I have thought to write something further in relation to expounding OT law; but I am not sure if Hebrew would be essential?


----------



## MW (Apr 7, 2008)

Daniel Ritchie said:


> I have thought to write something further in relation to expounding OT law; but I am not sure if Hebrew would be essential?



If you are looking to do anything serious in terms of OT interpretation then Hebrew is essential.


----------



## ADKing (Apr 7, 2008)

Daniel Ritchie said:


> I have thought to write something further in relation to expounding OT law; but I am not sure if Hebrew would be essential?



How much of your own original exegesis would you be doing and how much would you be relying on the exegesis of other reformed authorities? If you intend to rely heavily on the work of others, I would say it is probably not necessary. If you plan on doing original exegesis your credibility would be enhanced by knowing Hebrew.


----------



## Reformed Covenanter (Apr 7, 2008)

armourbearer said:


> Daniel Ritchie said:
> 
> 
> > I have thought to write something further in relation to expounding OT law; but I am not sure if Hebrew would be essential?
> ...



I do not know so much about OT interpretation, more expounding plan statements (if that makes any sense), nevertheless, I get the feeling that even for that Hebrew is essential.


----------



## Reformed Covenanter (Apr 7, 2008)

ADKing said:


> Daniel Ritchie said:
> 
> 
> > I have thought to write something further in relation to expounding OT law; but I am not sure if Hebrew would be essential?
> ...



I suppose I would be leaning heavily on other authorities, which is probably why I asked.


----------



## Wannabee (Apr 7, 2008)

You could benefit greatly from learning Hebrew, as long as you can remain humble.

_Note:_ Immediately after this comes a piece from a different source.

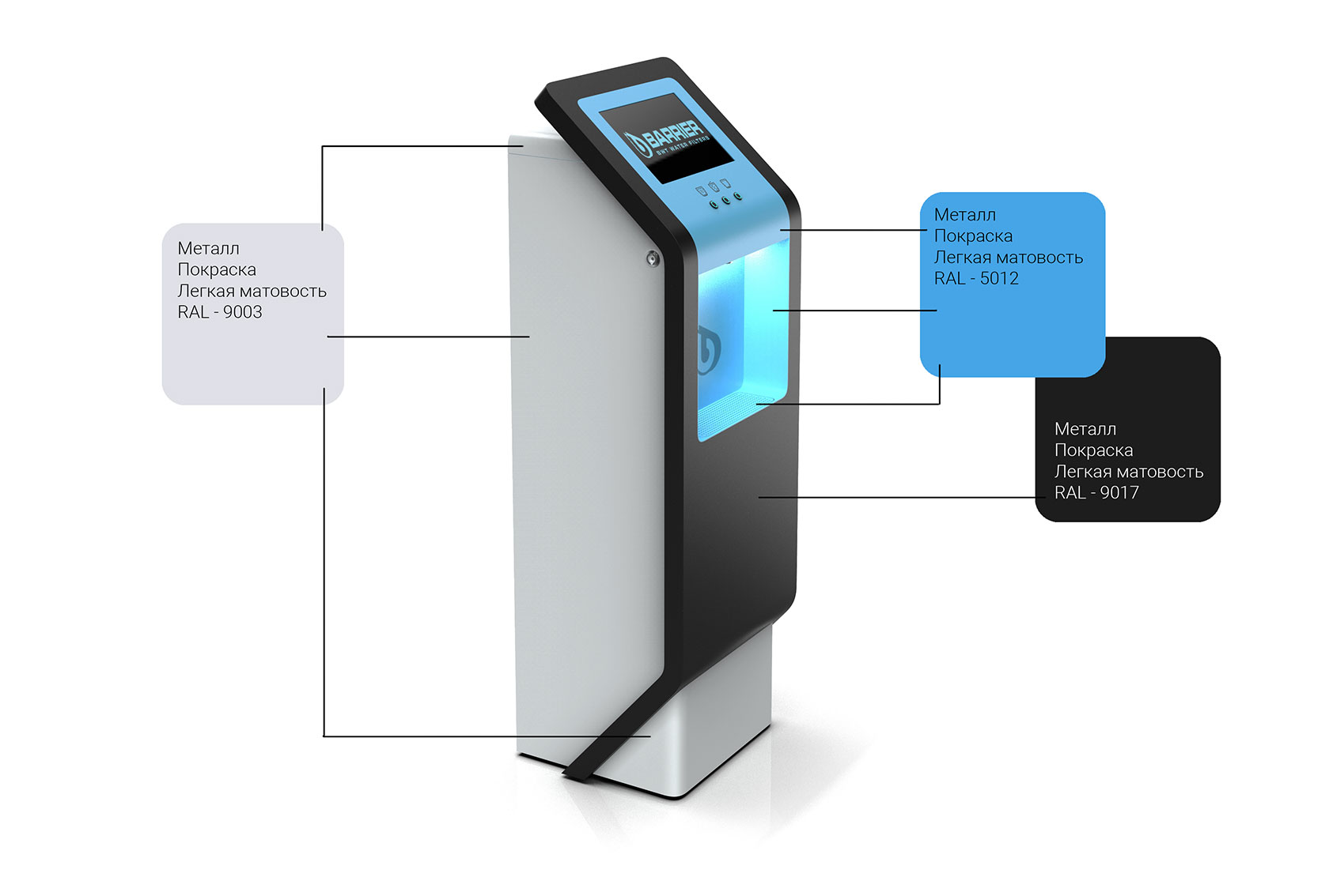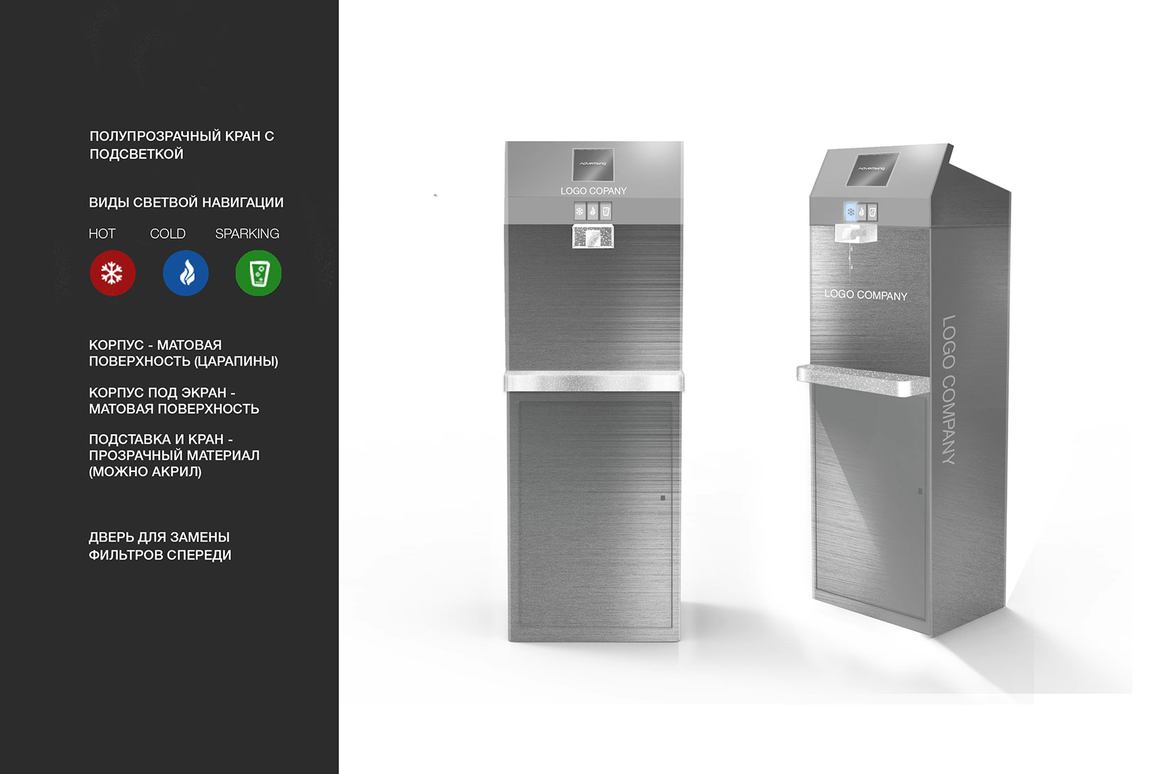 И стандартное требование: на корпусе пурифайера должно быть место для размещения названия компании, названия модели, логотипа производителя и подписей к элементам управления
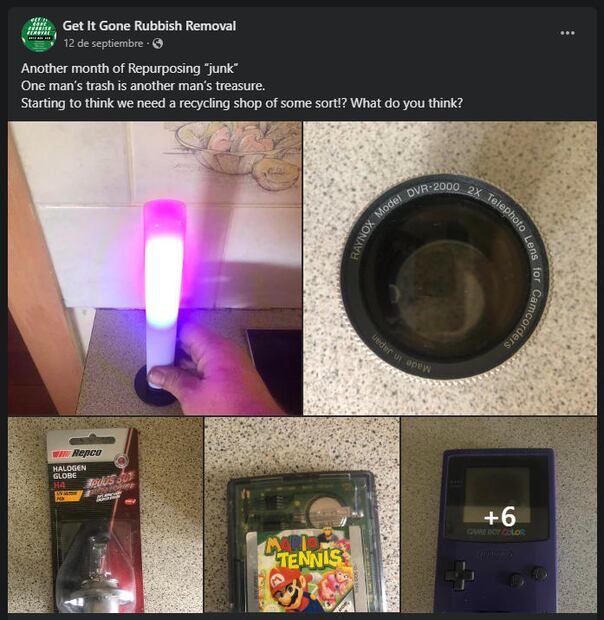 "Quizá deberíamos cambiar la descripción de nuestro negocio de 'remoción de escombros' a 'remoción de tesoros', se lee en otra de sus publicaciones donde se observa una laptop, unos palos de golf, un dron y varios juegos para la consola PlayStation 1.

Much of the problem is learning to do some translation and then thinking you know more than you do. I would strongly recommend studying the language though. Many excellent works interact with the language on a level that can't be understood without some knowledge and understanding of terminology. For instance, knowing the difference between a wayyiqtol and a weqatal can influence your understanding of a passage. The stems are much different than either English or Greek. At least if you study and learn it to a certain degree, as well as picking up some good helps, you will be clued when an author discusses the qal stem and how that might differ from a piel, pual, etc. 

If you're able to devote the time, here are some resources.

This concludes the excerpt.